You're looking at this in only monetary terms, or at least Yahoo is. But frankly, I don't give a fuck about whether Yahoo succeeds financially--I want my life and the lives of other people to be better. And I want that to be the goal of my government.

> But this isn't a big, bad, greedy corporate problem.

Of course it's a big, bad, greedy corporate problem. The reason "return on investment" matters in a financial sense is because big, bad, greedy corporations only care about their bottom line. And quite frequently Yahoo's bottom line is in direct opposition to improving my life and the lives of other people.




>... But frankly, I don't give a fuck about whether Yahoo succeeds financially--I want my life and the lives of other people to be better. And I want that to be the goal of my government.

In this situation it doesn't matter that yahoo is a private corporation - the same cost/benefit analysis essentially needs to be done no matter what the structure of the organization. Let's pretend that email had been created by a government agency and that agency has to decide how much of the budget to spend on security. If it costs X dollars to make something 90% secure, 10X for 95% secure and 10,000X for 99.9999% secure, etc etc eventually you have to choose how much to spend - resources aren't infinite for that government agency either. (And to make it much more difficult, they just have a guess that X dollars will make their product N% secure.) It isn't as black and white as you are trying to portray it.

I think it is fair to criticize yahoo for how the prioritized security but the same kind of issue has happened with non-profit companies and with government organizations, so no, it isn't just a "big, bad, greedy corporate problem."


You're the one trying to make it black and white, he's simply saying that unlike private industry, government can have another motive be primary rather than profit, i.e. help it citizens as the primary goal.
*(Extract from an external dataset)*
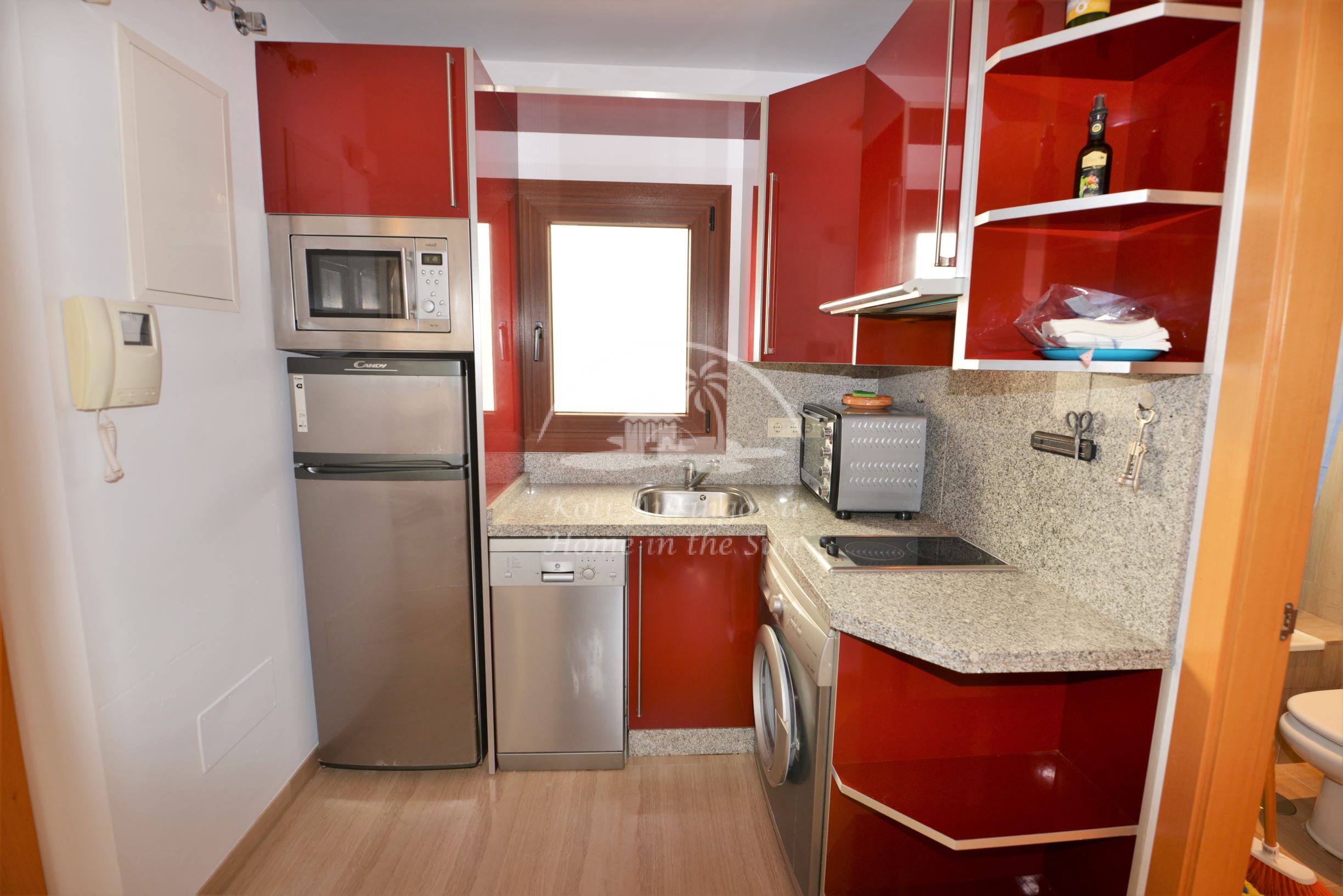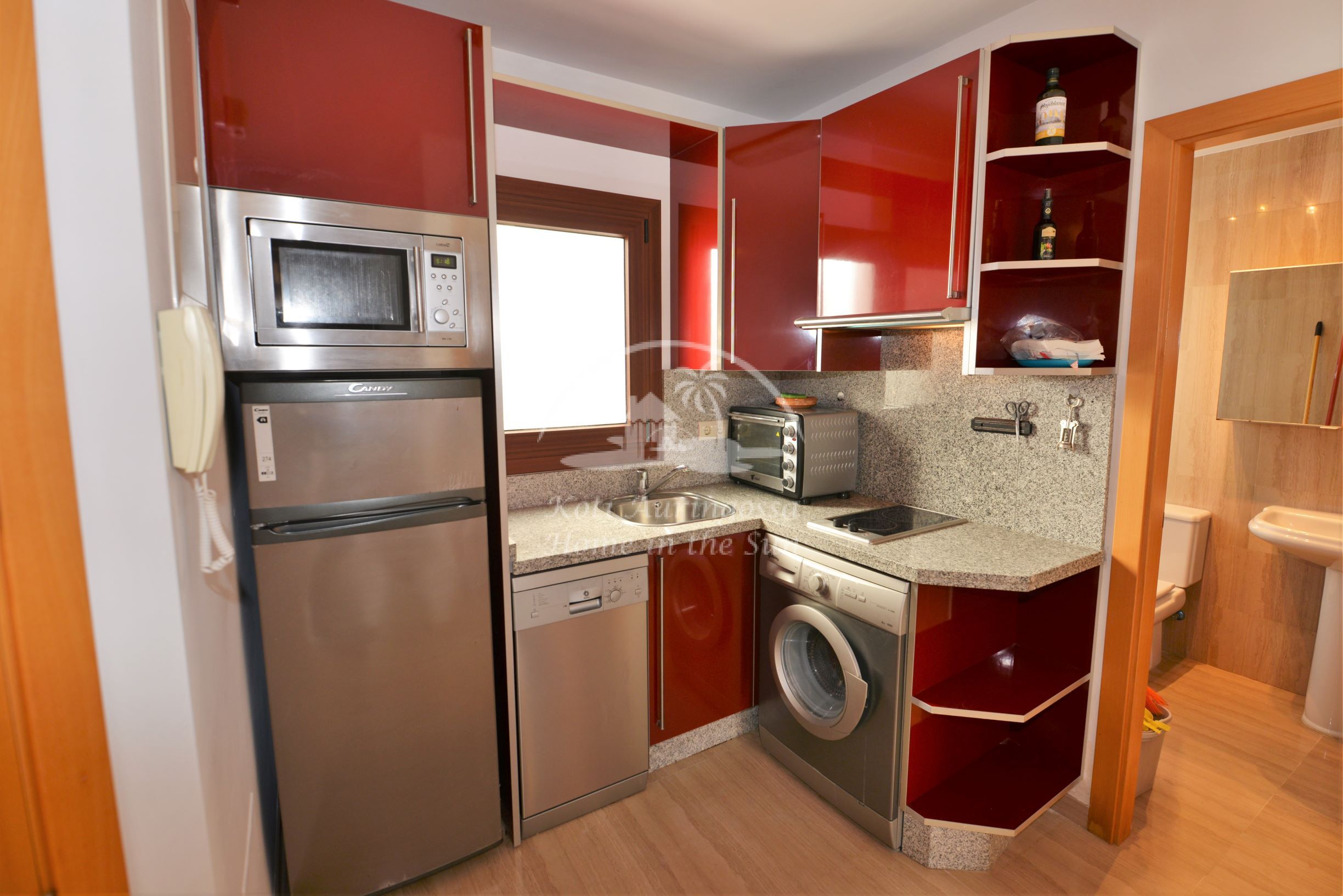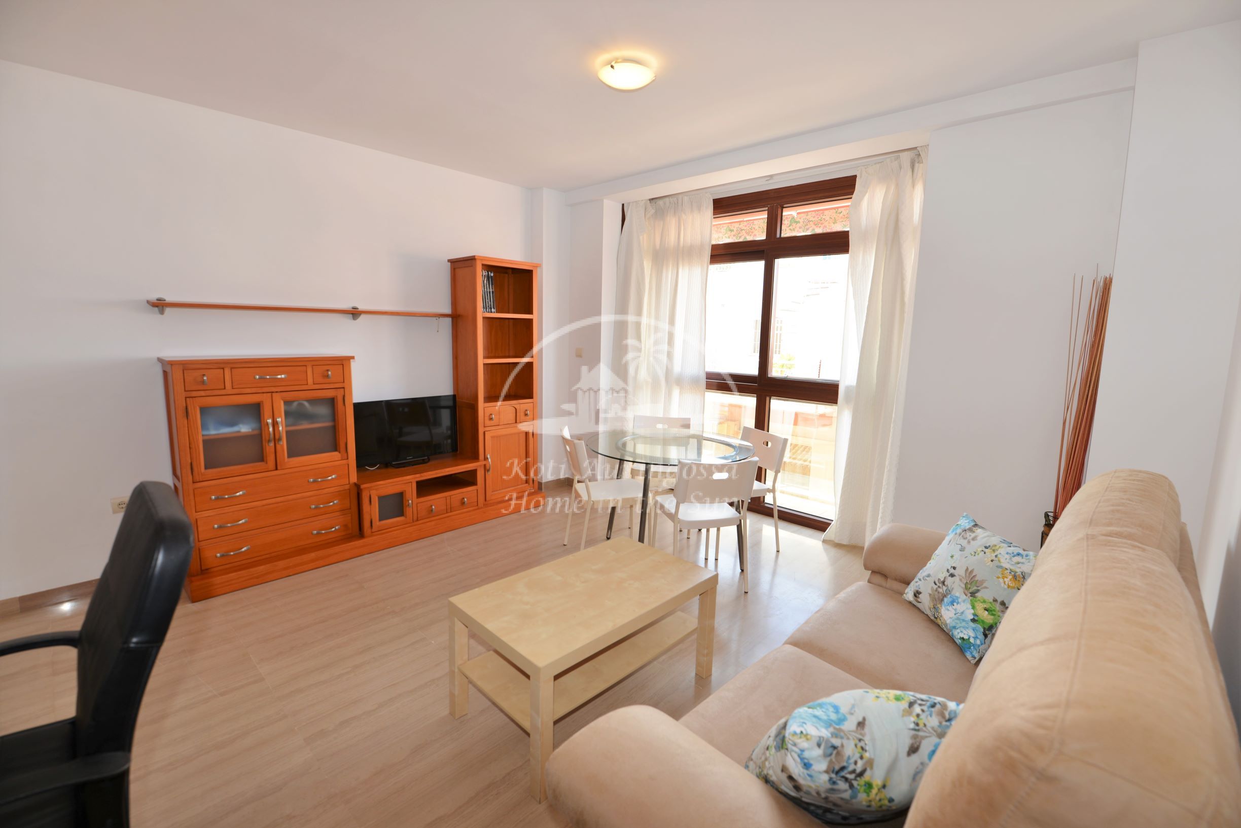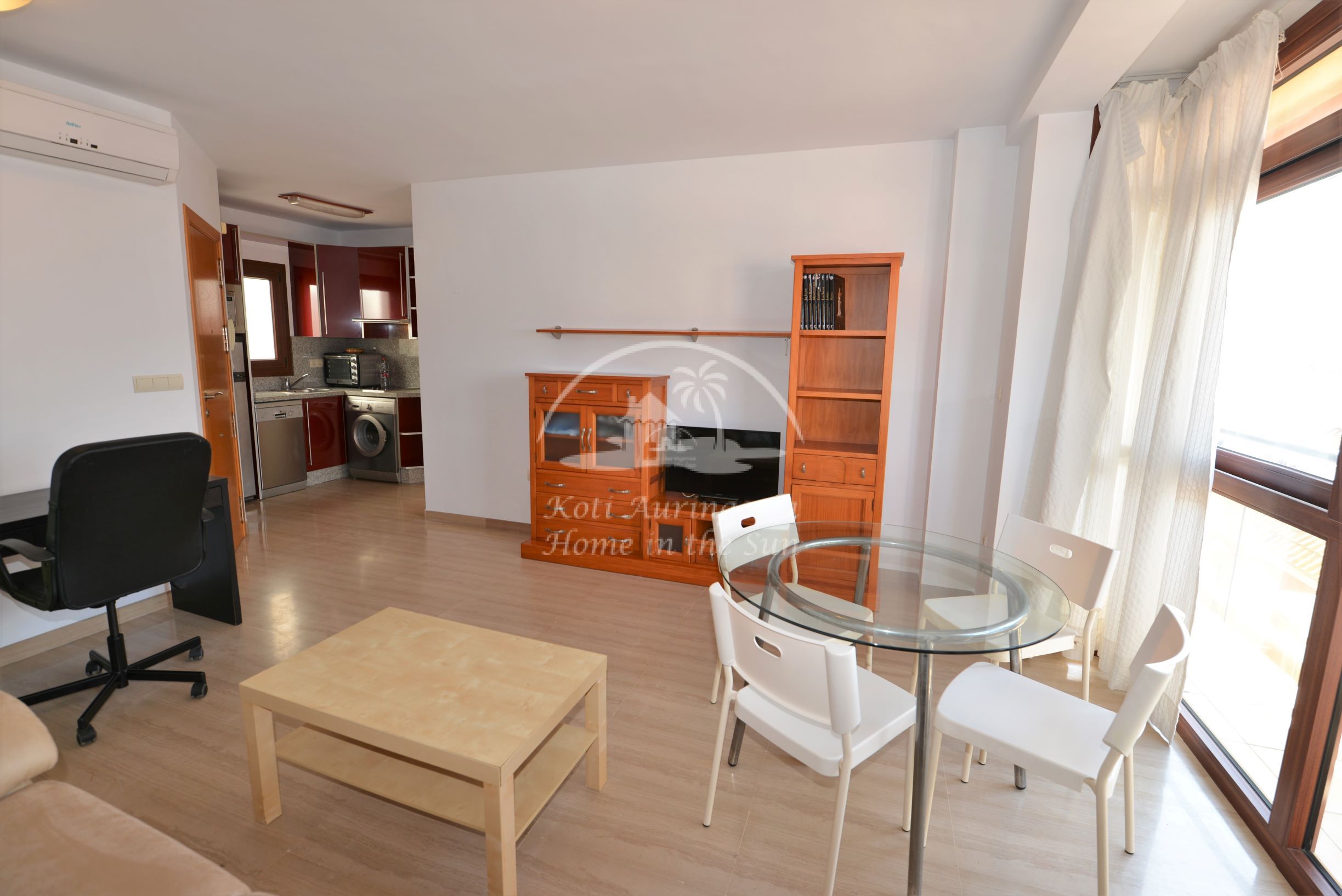 Asunto on kevyesti kalustettu ja sisustettu. Siinä on valoisa olohuone ja ruokailutila. Hyvin varustettu moderni keittiö, jossa on myös astianpesukone. 1 makuuhuone. 1 kylpyhuone kylpyammeella. Olohuoneesta on käynti pohjoiseen päin olevalle ilta-aurinkoiselle terassille. Terassilta avautuu näkymät kaupungin ylle ja Mijasin vuorille. Olohuoneessa ja makuuhuoneessa on ilmastointi-lämpöpumput. Keskeinen sijainti, joten kaikki keskustan palvelut on varsin lähellä eikä merenrantaankaan ole kuin noin 50 metriä matkaa. Osoite: Calle Castillo 13. Edif. Solymar 4 krs. Fuengirola.

Yea, budgets aren't unlimited, but not having to be profitable makes a huge difference in which actions can be taken. Profit is not the correct goal for every action that can be taken by an organization, government isn't a business.
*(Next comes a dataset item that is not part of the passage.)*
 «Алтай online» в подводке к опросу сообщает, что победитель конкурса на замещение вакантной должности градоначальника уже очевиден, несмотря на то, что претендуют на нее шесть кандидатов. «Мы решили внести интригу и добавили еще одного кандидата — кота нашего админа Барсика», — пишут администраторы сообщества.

If "profit" is defined as: "generating more value than is consumed in the production process"...

Then yes, we damn well better demand that profit be the correct goal for every action regardless of organizational structure.

If our system is distorted to inaccurately measure profit locally, without properly accounting for negative externalities, then that's a legitimate problem, but the way to solve it is by factoring those hidden costs back into the profit calculation, not giving up on "profitability" properly defined.
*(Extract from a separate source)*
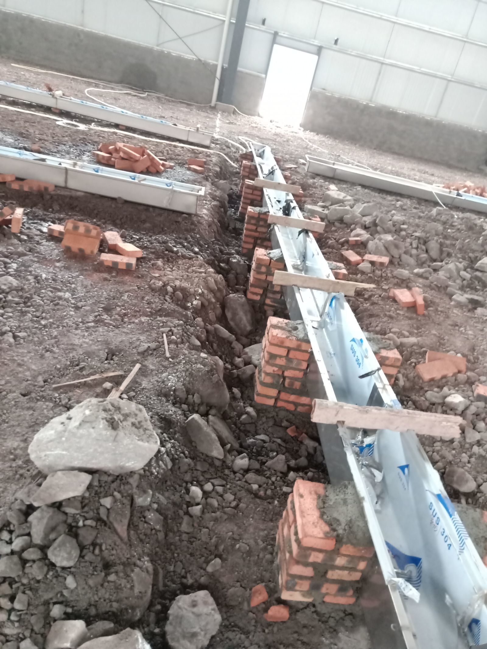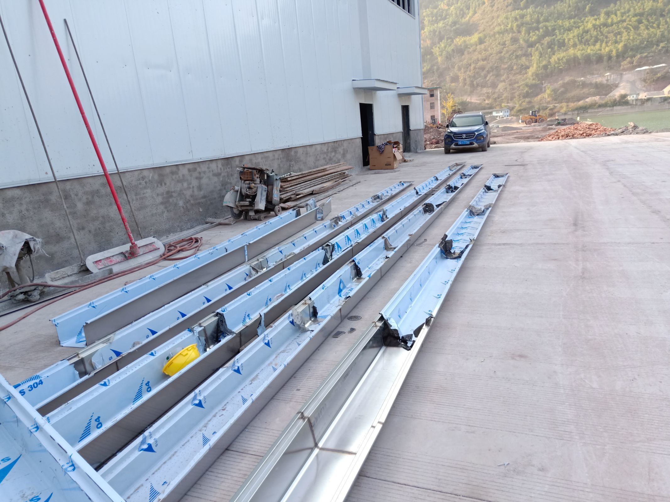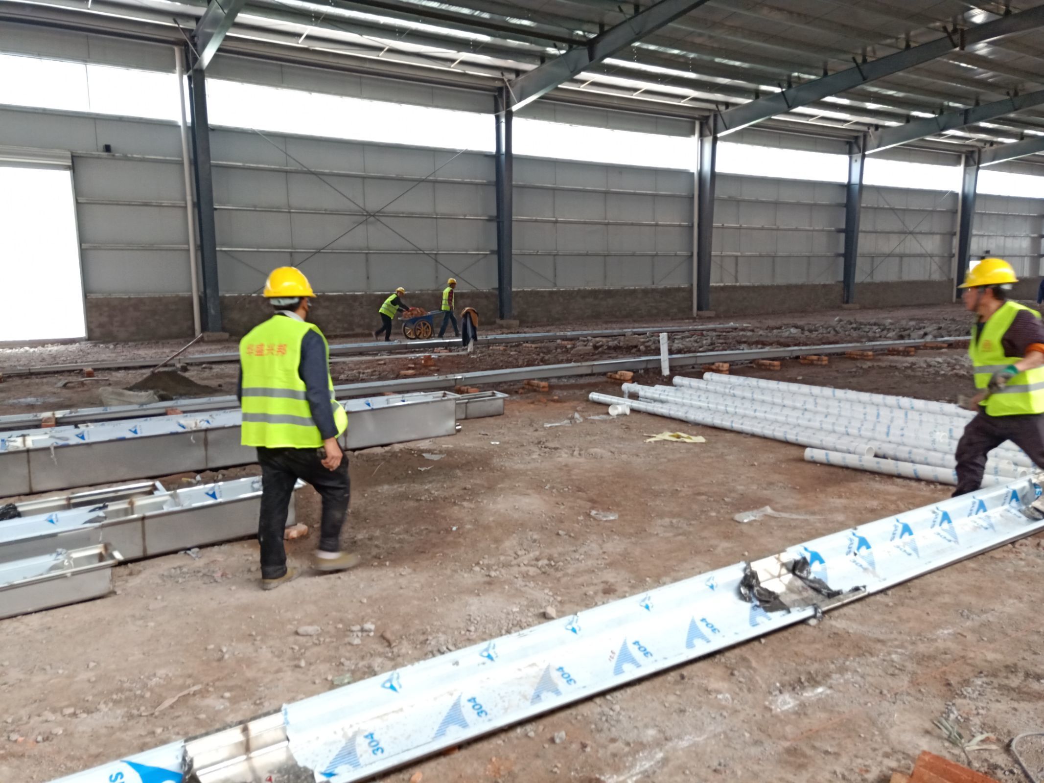 1.4號(hào)車間排水溝開(kāi)挖完成。 2.3號(hào)車間排水溝開(kāi)挖完成百分之二十 3.不銹鋼排水溝,排水管材料到場(chǎng)。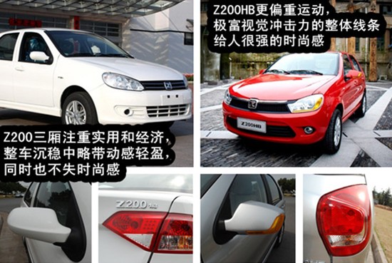 Z200的定位是三廂經(jīng)濟型家庭用車,注重實用和經(jīng)濟。因此,其外觀更有自然大氣之風。給人的感覺是:整車沉穩(wěn)中略帶動感輕盈,也不失其時尚小車所特有的個性和前衛(wèi)的時尚感。而Z200HB的定位則是運動型時尚兩廂車,注重運動和操控。因此,從外觀上,其運動型轎車的基因十分突出。無論是動感銳利的前臉,還是極富視覺沖擊力的整體線條都給人很強的時尚感。加上流線型的前后包圍和側(cè)裙,更有效地增加了汽車空氣下壓力,進一步降低了整車的風阻系數(shù),為其動力性能加分不少。

If profit is defined as $income - $expenses = $profit, then you'd be using the word the way everyone else is using it, and you'd be participating productively in the conversation.


  > ... government can have another motive be primary 
  > rather than profit, i.e. help it citizens as the 
  > primary goal.
But there's still ROI here, and there's still a budget (no matter how big the deficit gets). So the question remains: how do I spend that money? Do I spend all of it on security apparatuses, or do I have to scale back and spend some on other social services? How much? What's the best bang for my buck?


Given the current state of computer security, a government program that fines companies for poor security practices could easily pay for itself.


> budgets aren't unlimited, but not having to be profitable makes a huge difference in which actions can be taken.

Profits are still required for gov't spending, but they are just made by someone else in the country and transferred to the gov't via taxation. Even deficit spending is just the choice to spend money today that will be obtained from taxation at a later date.


I know this is snarky, but: tell it to the OMB.

Corporations do not have any sort of exclusive lock on cost-benefit analysis.

Edit: including bad cost-benefit analysis.


I'm looking at this in quantitative terms. Money is one measure. Effort, time, security, and others may be harder to quantify, but they're still important factors. "Security at any cost" quickly becomes simply impossible.

This is the general sense. Yahoo is probably on the "wrong" side of average.

But in some sense, you can vote with your feet. Companies who don't value security won't get your business. If enough people feel as you do, then the ROI calculation changes. And the same applies to politics as well: if you think more money should be spent on security and there's a societal good here, write to your congressman, or elect one who's receptive. Again, if enough people feel as you do, the political ROI makes this an imperative as well.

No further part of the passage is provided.